En un acto de maldad propio del amor más puro, guió su mano hasta los labios de Aurora y evitó que siguiera hablando besándola como si fuera la primera vez que lo hacía. Perdida en ella, dentro de ella, dejó que pasara la hora de comer, que desapareciera el mundo, que la enfermera también utilizase sus manos para provocar a unos labios que le regalaron con pasión el sudor del cuerpo entero. Juntas se dejaron ir sin moverse de aquella cama que sonreía ante aquel amor que muy pocos parecían comprender y que para ella era la mejor recompensa a su aburrido trabajo.

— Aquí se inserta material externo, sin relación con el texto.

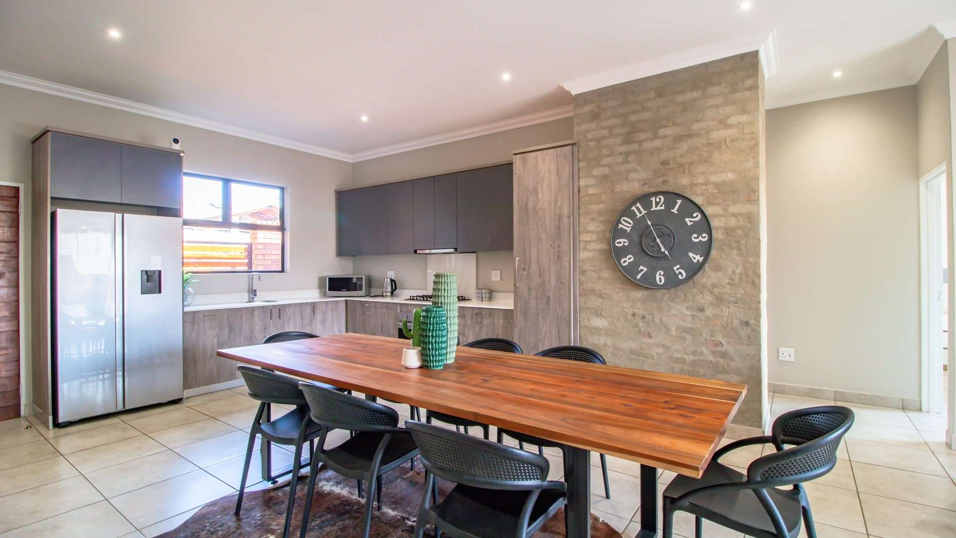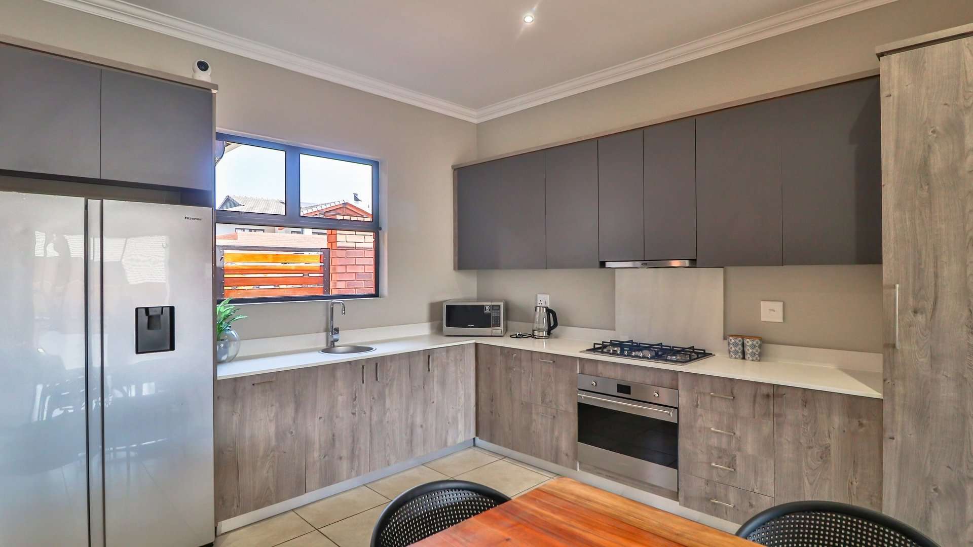 * Open-plan kitchen with ample cupboards, granite countertops, pantry, Smeg gas hob, electric oven, and space for all appliances
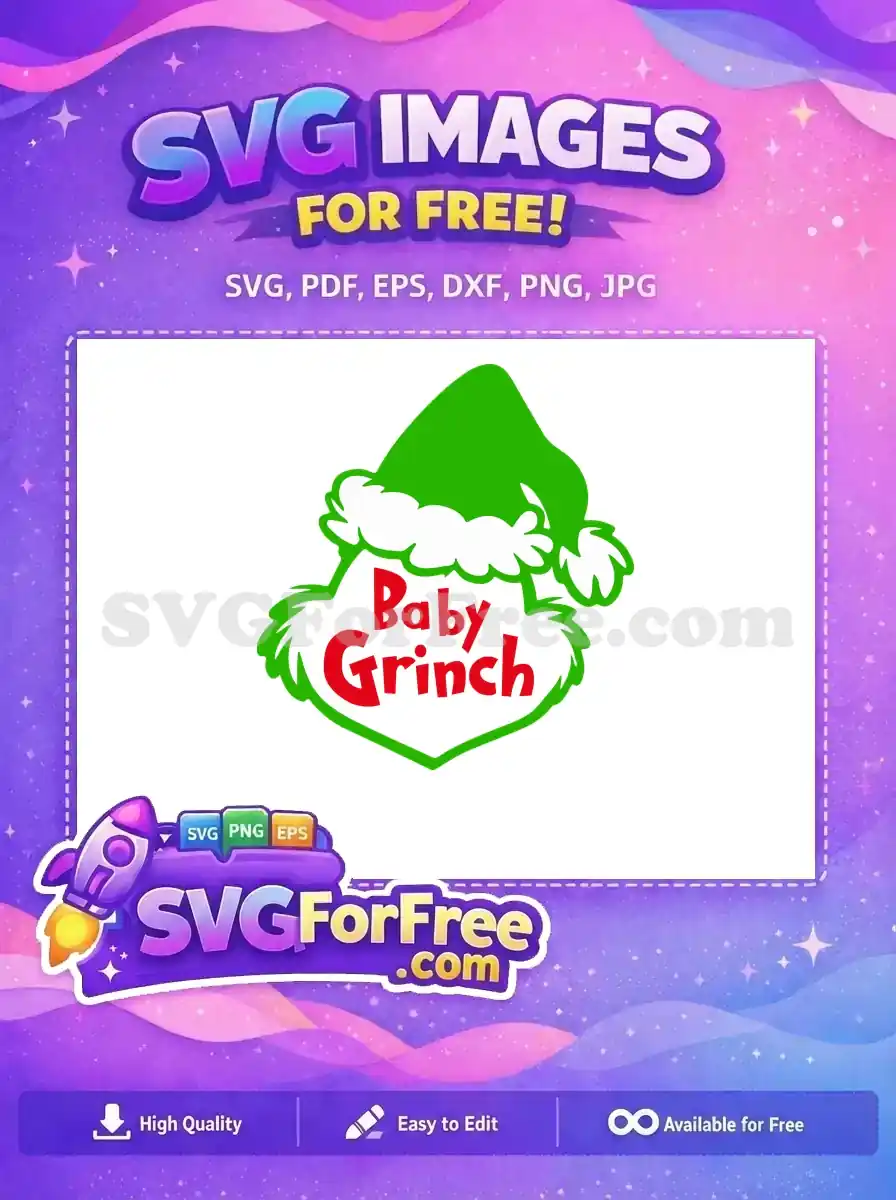 Mischievous ‘Baby Grinch’ text with a green furry hat, available as a free holiday character vector.
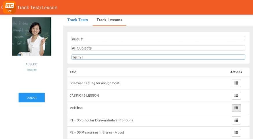 Melacak Uji / Pelajaran: Melacak tes siswa dan pelajaran Status tugas.
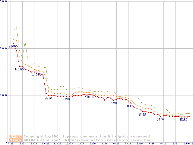 Celeron 700MHz FC-PGA リテールパッケージの価格推移
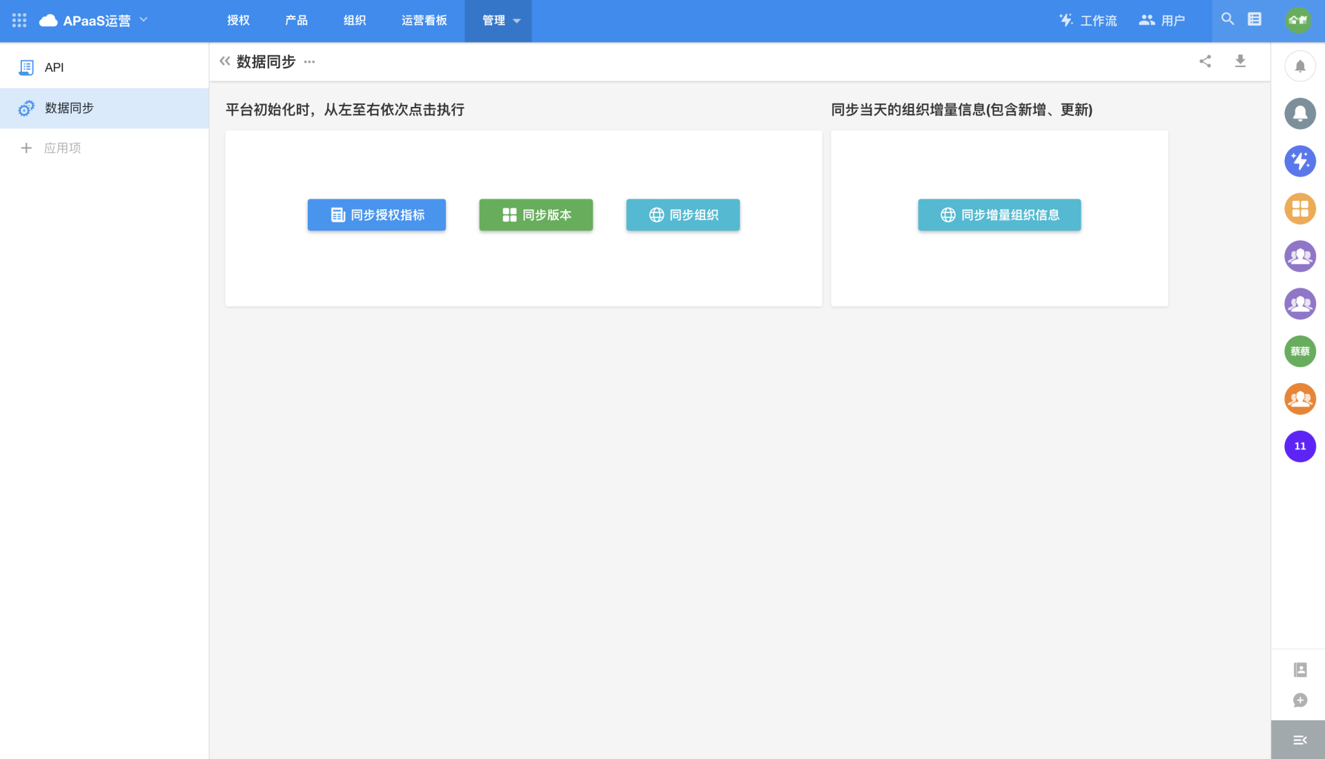After the installation and deployment of the platform, the following steps for data initialization need to be performed when entering the "APaaS Operation" application:
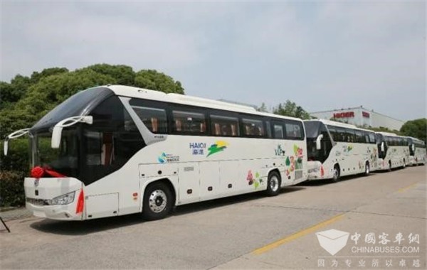 同样响应博鳌亚洲论坛绿色低碳主题,海汽集团携手海格客车以纯电动和LNG清洁能源打造绿色服务阵容,提供低碳高品质交通保障。海汽集团相关领导表示,“近年来海汽集团积极践行双碳目标,创新探索新的清洁运输模式,把更换节能环保、降本增效的绿色清洁能源车辆,作为公司业务发展的主攻方向,并批量引入海格纯电动和清洁能源。这些车辆也在这次论坛中承担重任,包括8米纯电动和12米LNG清洁能源豪华大巴等车型,整体车辆高端舒适、绿色环保,成为了此次论坛一道靓丽的风景线。”
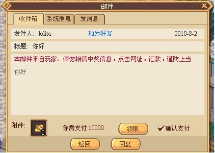 玩家在收到付费邮件时,确认邮件中物品数量,需支付服用数量无误后,勾选确认支付选项方可完成付费取信操作。
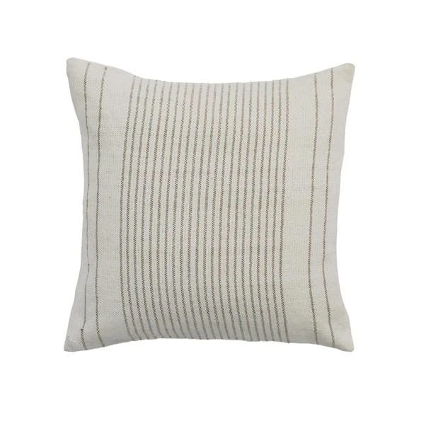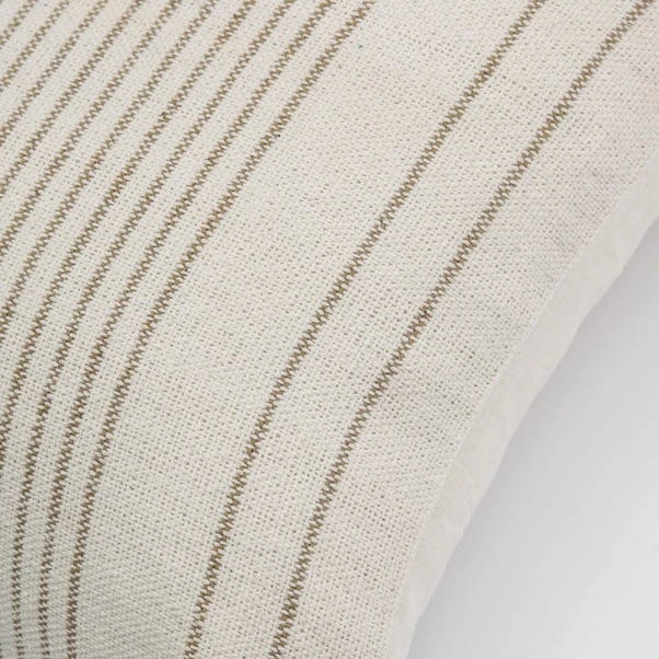 Featuring a clean pinstripe pattern in a subtle taupe hue, this cushion is made from recycled cotton and filled with a plump feather filling for a decorative and comfortable addition to your modern home décor.
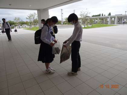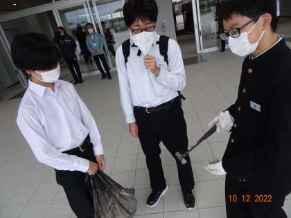 10月12日(水) 3年生 その後のYCP 公開日 2022/10/12 更新日 2022/10/12 3学年 10月の毎週水曜日はYCP《八尾クリーンプロジェクト》の日です! 2週目になると、通学路のゴミを積極的に拾う3年生の姿が増えてきました。 来週もボランティアに参加する生徒が増えるとよいですね! 1、2年生の皆さんも、もちろん参加OKです。大歓迎です!YCPの活動が全校に広がると素敵です!
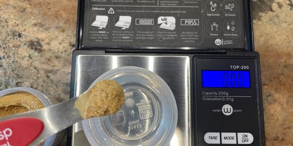 Once the mushrooms are ground, I use a 1/8 teaspoon to help transfer them into the designated container for daily use storage.
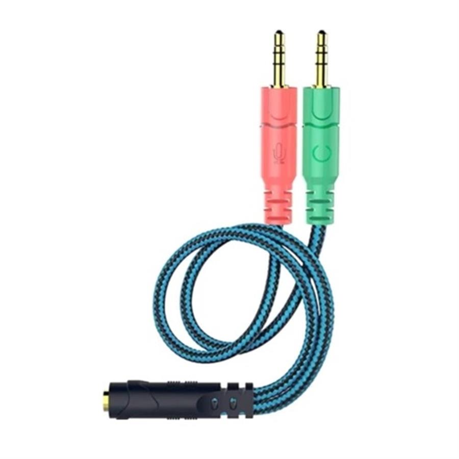 Este cable jack presenta dos conectores macho, verde para auriculares y rojo para micrófono.
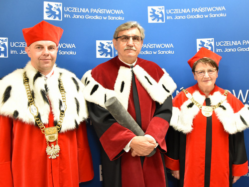 Trzeciego czerwca w Uczelni Państwowej im. Jana Grodka w Sanoku odbyło się uroczyste, historyczne posiedzenie Senatu Uczelni podczas którego prof. dr hab. n. med. Ireneusz Kotela otrzymał najwyższą godność akademicką tytuł Doktora Honoris Causa Uczelni Państwowej im. Jana Grodka w Sanoku. Odbyła się także uroczystość niezwykle doniosła dla studentów kierunku pielęgniarstwo – Symbolika Zawodu Pielęgniarki i Pielęgniarza, która na trwałe wpisała się w życie Uczelni, jako istotny element kształcenia studentów kierunku pielęgniarstwo. Wydarzenie rozpoczęło się od wprowadzenia sztandaru Uczelni i odśpiewania hymnu państwowego w wykonaniu chóru uczelnianego pod dyrekcją dr Moniki Brewczak. Zebranych powitał Rektor Uczelni dr inż. Mateusz Kaczmarski, który w swoim wystąpieniu przedstawił Uchwałę Senatu Uczelni o nadanie tytułu Doktora Honoris Causa, jej założenia i zasady nadawania godności. Więcej informacji na stronie http://fundacjatroskaiwiedza.pl/2022/06/prof-zw-dr-hab-n-med-ireneusz-kotela-uhonorowany-tytulem-doktora-honoris-causa-uczelni-panstwowej-im-jana-
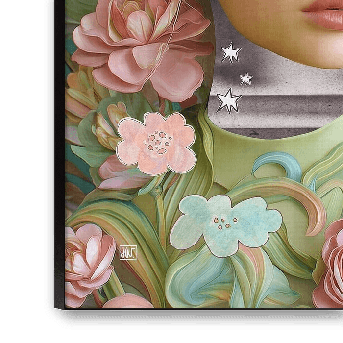 This AI portrait series consists of modern artworks in which female figures, soft botanical forms and my handmade elements come together in a new, contemporary image. I combine my own watercolour flowers, sketches and collage forms with AI - not as a replacement, but as a creative extension. A fresh way to further open up my style and…

Pasaron el resto de la tarde bajo aquellas sábanas y cuando la noche se echó sobre Arganzuela, salieron de ellas para cenar algo rápido y volver antes de que perdieran su calor. Ambas mujeres habían comenzado a comprender que los buenos momentos en aquel lugar duraban poco y tenían que aprovechar aquel porque los sueños bonitos se desvanecen si en mitad de la noche te despiertas y tardas mucho en regresar a ellos y ellas necesitaban ese sueño, necesitaban el tacto de esa piel suave que sólo aparece cuando el amor se hace con amor, cuando la caricia del después es pura y la sonrisa sincera, cuando la mirada está desnuda y el corazón abrigado. Necesitaban regresar a su calor y dejar que las asfixiase y morir en él si es que él lo consideraba necesario o vivir en él si éste decidiera parar el tiempo. Y es que el calor del amor a veces es incontrolable, tanto que no importa si te mata o te revive porque ¿qué le importa al volcán a dónde va su lava si es ella quién le hace ser quien es?